Using the same get_daily_data function, I got the calories burned and intake data.

> dfCaloriesBurned <- get_daily_data(cookie, what = "caloriesBurnedVsIntake", startDate, endDate)
> head(dfCaloriesBurned)
        time caloriesBurned caloriesIntake
1 2015-10-01           2428           2185
2 2015-10-02           2488           1790
3 2015-10-03           2353           2361
4 2015-10-04           2041           1899
5 2015-10-05           2213           2217
6 2015-10-06           4642           2474

As with the steps, the date was coerced to class Date and the colnames renamed. The function returns both the calories burned each day and the intake of calories.
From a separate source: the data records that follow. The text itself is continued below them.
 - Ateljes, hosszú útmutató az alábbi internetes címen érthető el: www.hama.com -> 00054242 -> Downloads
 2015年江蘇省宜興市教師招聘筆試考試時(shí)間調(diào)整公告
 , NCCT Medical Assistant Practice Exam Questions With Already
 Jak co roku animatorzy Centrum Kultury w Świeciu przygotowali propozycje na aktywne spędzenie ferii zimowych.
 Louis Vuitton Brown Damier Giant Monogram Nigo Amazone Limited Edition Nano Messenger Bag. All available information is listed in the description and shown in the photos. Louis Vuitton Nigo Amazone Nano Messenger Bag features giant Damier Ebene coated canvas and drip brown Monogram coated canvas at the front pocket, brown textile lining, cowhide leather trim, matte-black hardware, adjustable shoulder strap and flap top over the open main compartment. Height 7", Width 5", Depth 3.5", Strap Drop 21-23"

Calories intake is gathered items entered into the food log. I only recently stopped recording my food. For items that did not have a barcode or were easily identifiable in the database, I would resort to selecting the closest match and guestimating serving sizes. I was underestimating how much I consumed each day as I was often below my target calories intake, yet I gained weight. I stopped recording food and will wait for a sensor to be surgically embedded in my stomach that quantifies the calories I shove down there. I disregarding the calories intake variable.

Merging the data 

The data frames for weight, steps and calories burned were merged using Date.

> df <- full_join(dfWeight, dfSteps, by = "Date")
> df <- full_join(df, dfCaloriesBurned, by = "Date")
> head(df)
        Date Weight Steps CaloriesBurned
1 2016-03-31   74.2 10069           2622
2 2016-03-30   74.9  7688           2538
3 2016-03-29   74.9  4643           2180
4 2016-03-27   74.9  9097           2510
5 2016-03-25   74.3 11160           2777
6 2016-03-24   75.4  8263           2488
 
I now have tidy data for three Fitbit variables of daily data. Here’s a quick plot of Steps vs Calories burned.
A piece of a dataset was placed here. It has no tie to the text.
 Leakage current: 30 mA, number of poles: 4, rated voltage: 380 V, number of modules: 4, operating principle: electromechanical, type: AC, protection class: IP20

There’s an obvious relationship since I burn calories with each step. Most of my activities involve making steps – walking, jogging, getting brownies, fleeing swooping birds. I do not clock-up steps when I kayak. I don’t know how Fitbit treats such activities. I’ll check the calorie count before and after next time.

Ultimately I’d like to observe whether any variables can account for outcomes such as weight and sleep. Here’s a Steps vs Weight plot.




There’s no relationship. It remains to be observed whether the inclusion of other Fitbit predictors could account for weight. More on this in future posts.


References and notes
1. I am not affiliated with Fitbit. I’m just a fan. I will however accept gifted Fitbit items if you would like to get in touch with me at willselloutfortech@gmail.com
2. Authenticate with the login function; login(email, password, rememberMe = FALSE). Use your email address and password you use to access your Fitbit dashboard online.